108 N. State, Chicago
Five Iron Golf is where you can keep your game going – and improving – all winter long. With the goal of “Reshaping modern golf culture in Chicago and beyond,” Five Iron Golf is a vibrant and exciting 11,000 square-foot sports zone, which is what we need in the dead of winter, featuring 11 TrackMan simulators with down-the-line and front-facing cameras in each bay, enabling you to practice and play like the pros with the support of instant video analysis and virtual rounds on many of the world’s greatest courses. “From the colorful murals on our walls to the events and experiences we host, every detail in every Five Iron location is purposefully tied back into our mission to make golf for everyone,” said Co-Founder and Chief Operating Officer Nora Dunnan. “We are thrilled to expand to a new area of Chicago and be a part of reimagining The Loop’s culture with Block37.”
5 E. Galena Blvd, Aurora
Stolp Island Social in Aurora is the newest offering from owner Amy Morton, perhaps best known for Evanston’s Barn Steakhouse and Found restaurants. Located next to the Jeff Award-winning Paramount Theater, this seasonal kitchen is perfect for a pre- or post-theater outing. “My team and I are honored,” says Morton, “to be one of the many amazing local businesses who can call downtown Aurora home.” In the kitchen will be Chef de Cuisine John Thurmond, himself a native of Aurora who is coming home after working in the Michelin-starred kitchens of Rubicon (San Francisco), Faviken (Sweden) and Chicago’s own Alinea, currently the only Michelin three-star restaurant in the city. Expect dishes expertly executed yet accessible and, above all, delicious, like Chicken Three Ways (seared, confit and braised, with leek puree and fregola) and reserve steaks including the Dry-Aged Bone-In Ribeye served with demi-glace and marrow-smashed potatoes.

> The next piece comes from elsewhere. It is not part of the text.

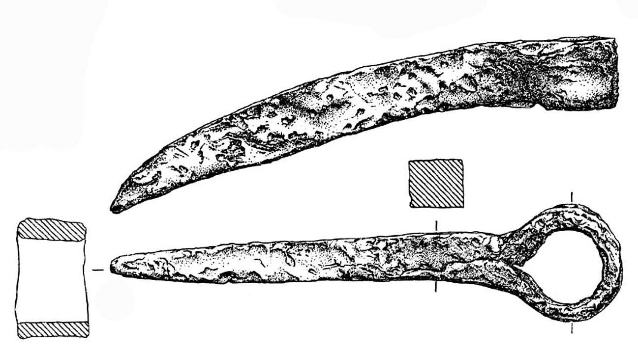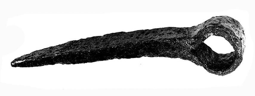 Železný masivní a špičatý kopáč (Špičák) s příčným otvorem pro topůrko v týlní části a s tělem čtvercového průřezu má délku 270 mm a hmotnost 1138 gramů. Pro tento tvar nenacházíme v soudobých sídlištích a oppidech přímé analogie. Jeho výskyt na oppidech Závist a Stradonice zmiňují P. Drda a A. Rybová. Špičáky (kopáče) s tulejkou pro nasazení topůrka - dlouhé dřevěné násady - uvádí z oppida Manching G. Jacobi, které podle něho sloužily více v domácnosti a v sídlištích při hloubení jam, příkopů a pří kypření ztvrdlé půdy, než při samotných polních pracech. Mimo jednoduché kopáče ze sídlišť doby laténské (Idriab. Bača a Karlstein) se v pozdní době laténské objevují i rovné nebo zahnuté Špičáky s příčnými otvory pro násadu (oppidum Essalois, Dép. Loiře a Sanzeno v Tyrolsku), z nichž se v době římské vyvinuly nejrůznější ploché motyky, kladiva a jiné kombinované motyky.

365 W. Dundee Road, Wheeling
Rebel’s Hot Chicken is now open as a virtual kitchen operating out of City Works Eatery & Pour House in Wheeling, Ill. This restaurant will, as the name implies, be serving the currently trending Nashville-style hot chicken with sides like spicy cauliflower, chicken wings, nachos and mac n’ cheese. Customers can place their delivery orders on GrubHub, Uber Eats, and Door Dash, or they can order directly from the Bottleneck Rewards app (available on the App Store and Google Play). In addition to Wheeling locations, Bottleneck Management is known for Sweetwater and South Branch grills and saloons. Rebel’s Hot Chicken builds on the success of Secret Sauce Barbecue, which opened last January and is also a virtual kitchen that meets the demand for contactless food options. “We’re looking forward to being a new favorite for fans looking for an exceptional way to enjoy Nashville hot chicken,” says Mark Gray, Bottleneck Management Chief Operating Officer, “and we’re especially happy to introduce Rebel’s using the virtual restaurant format.”

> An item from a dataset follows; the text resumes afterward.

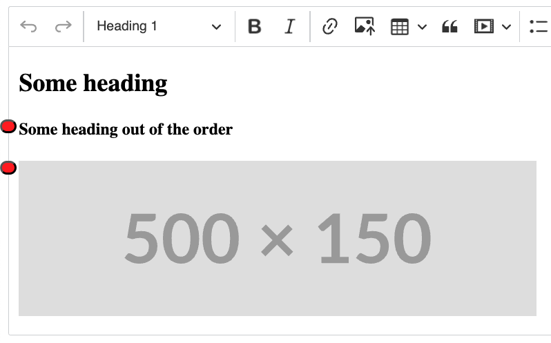 The results appear next to the editor’s content, showing red dots near elements that failed checks.

306 W. Erie Street, Chicago
Fairgrounds has opened a new location in River North, and as at its other locations, this new Fairgrounds spot offers a broad array of coffees and teas…and some delicious food that goes way beyond the usual coffeehouse offerings. For instance, Breakfast Sammies include Master of Naan (scrambled egg whites, shakshuka spread, feta and baby kale, served on the Indian flatbread) and Bad Hass Avocado Toast (an avocado – Hass, we’re guessing – with tomatillo salsa, radish pico de gallo, ancho-toasted sunflower seeds, mounted on multigrain bread). During this holiday season, they’re also offering several specials, including Cordial Cortada (an espresso, melted with a cherry cordial), Mayan Mocha (traditional Mexican chocolate with spicy cinnamon, nutmeg, and chili peppers), and Roasted Chestnut Cookie Butter Toast (warm, diced apples on one incredible cookie).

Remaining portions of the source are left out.